## SOURCE MATERIAL
────────────────
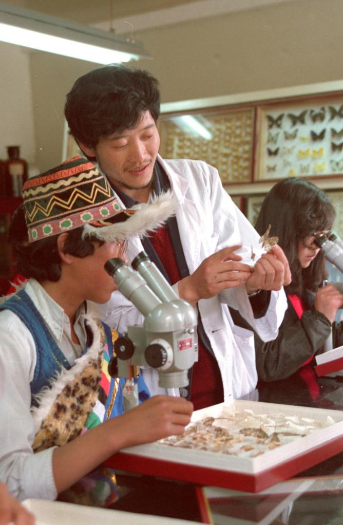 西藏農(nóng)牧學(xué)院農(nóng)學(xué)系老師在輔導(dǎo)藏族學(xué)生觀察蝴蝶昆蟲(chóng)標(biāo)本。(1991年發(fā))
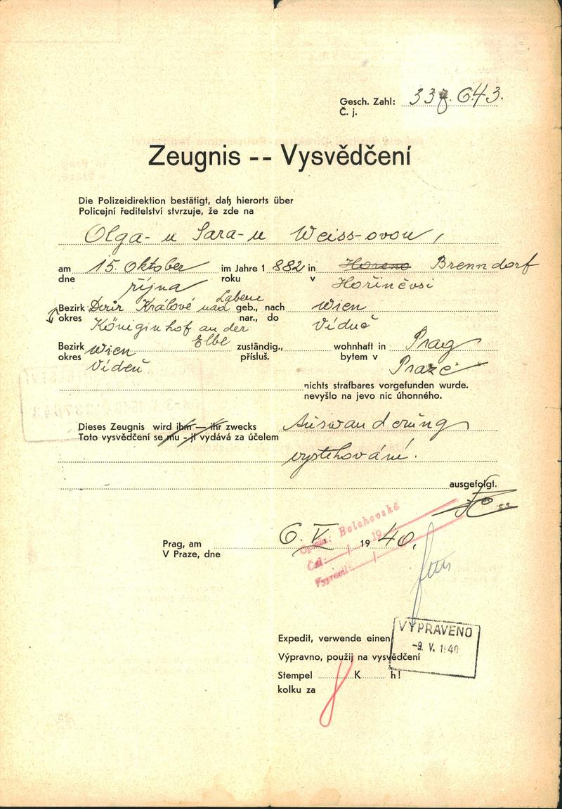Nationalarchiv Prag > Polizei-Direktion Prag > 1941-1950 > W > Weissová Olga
────────────────
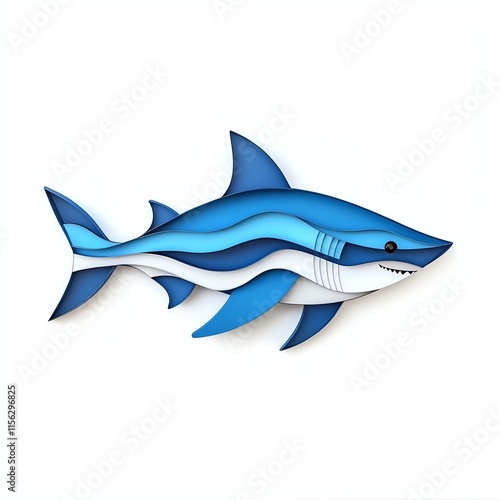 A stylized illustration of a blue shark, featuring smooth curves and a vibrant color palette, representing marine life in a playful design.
────────────────
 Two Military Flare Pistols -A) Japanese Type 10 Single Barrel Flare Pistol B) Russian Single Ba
────────────────
## TASK ITEM
No picture is to be printed. Output exactly the lines above from the line containing "西藏農(nóng)牧學(xu" through the line containing "Nationalarchiv Prag >".

## RESULT FOR THIS TASK
 西藏農(nóng)牧學(xué)院農(nóng)學(xué)系老師在輔導(dǎo)藏族學(xué)生觀察蝴蝶昆蟲(chóng)標(biāo)本。(1991年發(fā))
Nationalarchiv Prag > Polizei-Direktion Prag > 1941-1950 > W > Weissová Olga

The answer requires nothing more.